Random Acts: Miriam Elia

What would a rabbit have to say about the housing situation and other burning social issues? Find out in Elia's 'Britain’s New Underclass'

A giant rabbit chats to a journalist about her housing situation and what to do with her never-ending stream of bunnies as she chomps nonchalantly on carrots. Commissioned by Dazed & Confused, 'Britain’s New Underclass' is a wry mock-documentary screened as part of Random Acts, a new series that will show 260 three-minute films by new and established artists on Channel 4 over the year. Dazed Digital spoke to filmmaker Miriam Elia about what her short takes a shot at.

Dazed Digital: Do the rabbits represent a particular social group in the film?
Miriam Elia:
The rabbits represent a section of the underclass in contemporary society, but the film is also a parody of the way in which the media talks about this underclass. It's an attempt to satirise both the The Guardian and the Daily Mail's perspectives on this issue.
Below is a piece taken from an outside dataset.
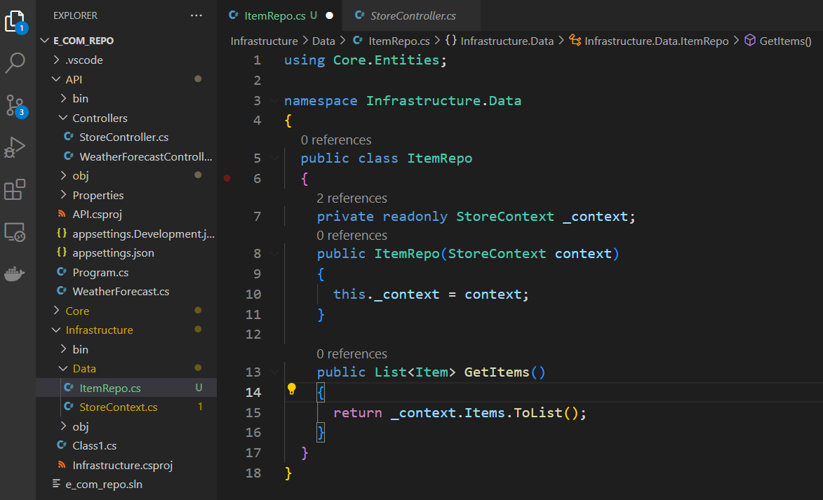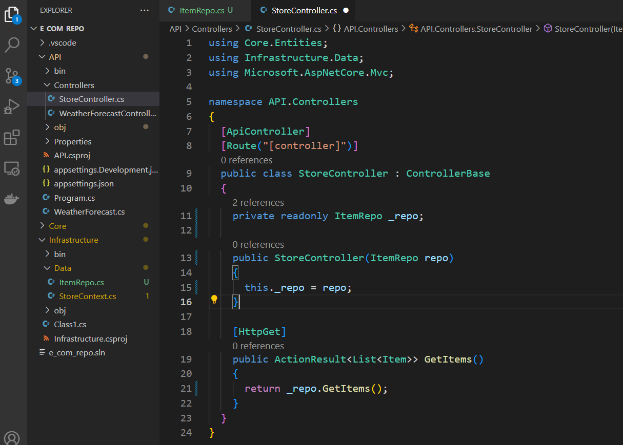 It is a good practice to separate business logic and data handling. Entity Framework provides an MVC pattern to separate them. However, as the size of a project grows, adding data handling codes directly in the controller file creates duplicate codes and becomes hard to test. A repository pattern is a design pattern that reduces duplication and makes testing easier. Let's see how we can implement a repository pattern in this writing

DD: Why did you choose rabbits to illustrate this?
Miriam Elia: Rabbits are cute, fluffy and appealing to most people, and yet they breed constantly and are considered a pest in many areas of the world. We wanted a creature that could be perceived as both an innocent victim and an irritant. The rabbit refuses to take responsibility for her life, partly because she's a rabbit, but also because sections of the media constantly cast her as a victim. She's willingly complicit in her victimhood, yet she is still a victim. On a basic level this film is about who should take moral responsibility.

DD: Are you focusing on a problem with people or a political issue?
Miriam Elia: I think this film discusses the relationship between personal motivations, government policy and media agendas. It's about both. It's important to note that we have chosen a character who lacks any real direction or ambition. We also hope to approach this in our next film, which follows druggy aristocratic urban foxes who move to Dalston to feel more authentic amongst 'ethnic' chickens. 

DD: How seriously are we to search for a message in the film?
Miriam Elia: There is not a specific message in this short. It is a broad attack on all the parties involved in this sensitive and complicated topic. We also think it's well funny.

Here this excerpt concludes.